Sin embargo, el broceo de las minas o la reducción del precio de los minerales llevaba a la cesantía a los obreros, a quienes se les abrían pocas opciones: el retorno a sus lugares de origen, la emigración a los países vecinos o, simplemente, el vagabundaje. Son numerosas las denuncias de bandidaje en Atacama en el decenio de 1880, cuando ya habían concluido los ciclos de la plata y del cobre. En enero de 1886 el intendente de Atacama solicitaba al Ministerio del Interior fondos para establecer una patrulla rural en la zona de Freirina, por haber “muchos vagos en los caminos, lo que ha traído desconfianza de la gente para transitar por ellos”171. Y otra petición de auxilio extraordinario aludía con más detalle al problema: “La criminalidad en este Departamento [Copiapó] es extraordinaria, debido en primer término a la decadencia de la industria minera, que deja sin colocación [a] centenares de brazos que, no teniendo centros de trabajo donde ganar la vida, se dedican al pillaje y al asesinato”172. No puede extrañar, en consecuencia, que a los minerales que aún seguían en explotación llegaran personas “más interesadas en ejercer sus perversos instintos”. Este cuadro de la ciudad y de su región es expresivo de la situación que vivía como consecuencia de la crisis de la minería del cobre y de la plata.
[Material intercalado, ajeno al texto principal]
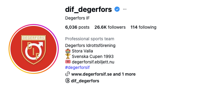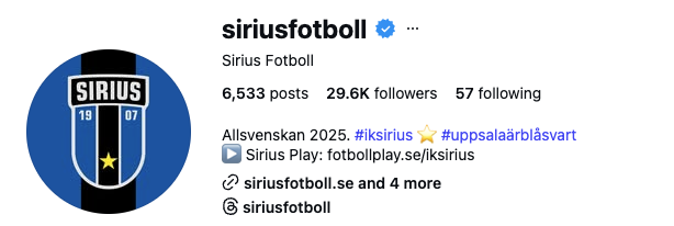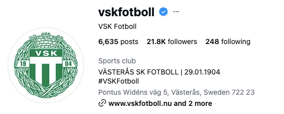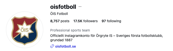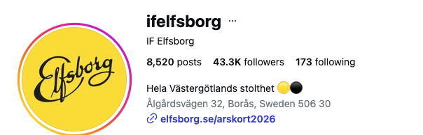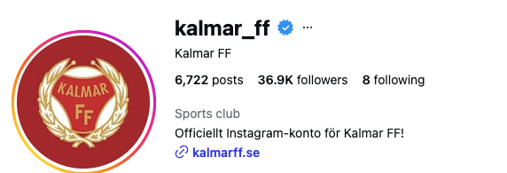 Motivering: Så många frågor här. Varför skryter man om att man var med i Allsvenskan förra året? Varför har man två hashtags? Varför en oklickbar länk? Spelet på planen har höjt sig senaste året, dock behöver man göra om hela insta-bion. Väldigt svag och rörig.

Una situación parecida se repetía en Coquimbo. El intendente José Velásquez informaba en noviembre de 1886 que en el mineral de Condoriaco se iba formando “no una población ordenada e industriosa, sino un agrupamiento de individuos de costumbres licenciosas, dispuestos a cometer toda clase de desmanes, especulando con el robo de minerales, denominado vulgarmente cangalleo”173.
VALPARAÍSO Y VIÑA DEL MAR
A la inseguridad de la bahía de Valparaíso para las embarcaciones —“tiene fama universal de ser uno de los peores que visitan las naves”, aseguró Alberto Fagalde en 1906174— se añadió el limitado espacio plano que podía utilizarse para la construcción de bodegas, almacenes y casas. La imagen que pudo formarse un viajero y naturalista alemán, Eduard Poeppig, al llegar al puerto a principios de 1827, no correspondió a lo que parecía “prometer su bello nombre”:
Paralelamente a la costa roqueña, y a apenas a una distancia de 200 pies de ella, se elevan por doquier cerros parados, con flancos a menudo perpendiculares como una muralla, y que dejan libre en su base, en la parte occidental de la bahía, un camino que solo está seco cuando baja la marea. En este reducido espacio se encuentra la única calle de Valparaíso, torcida y estrecha; una pequeña plaza inaparente y algunas callejuelas, que constituyen en conjunto lo que allá se llama, específicamente, el puerto o centro de todos los negocios175.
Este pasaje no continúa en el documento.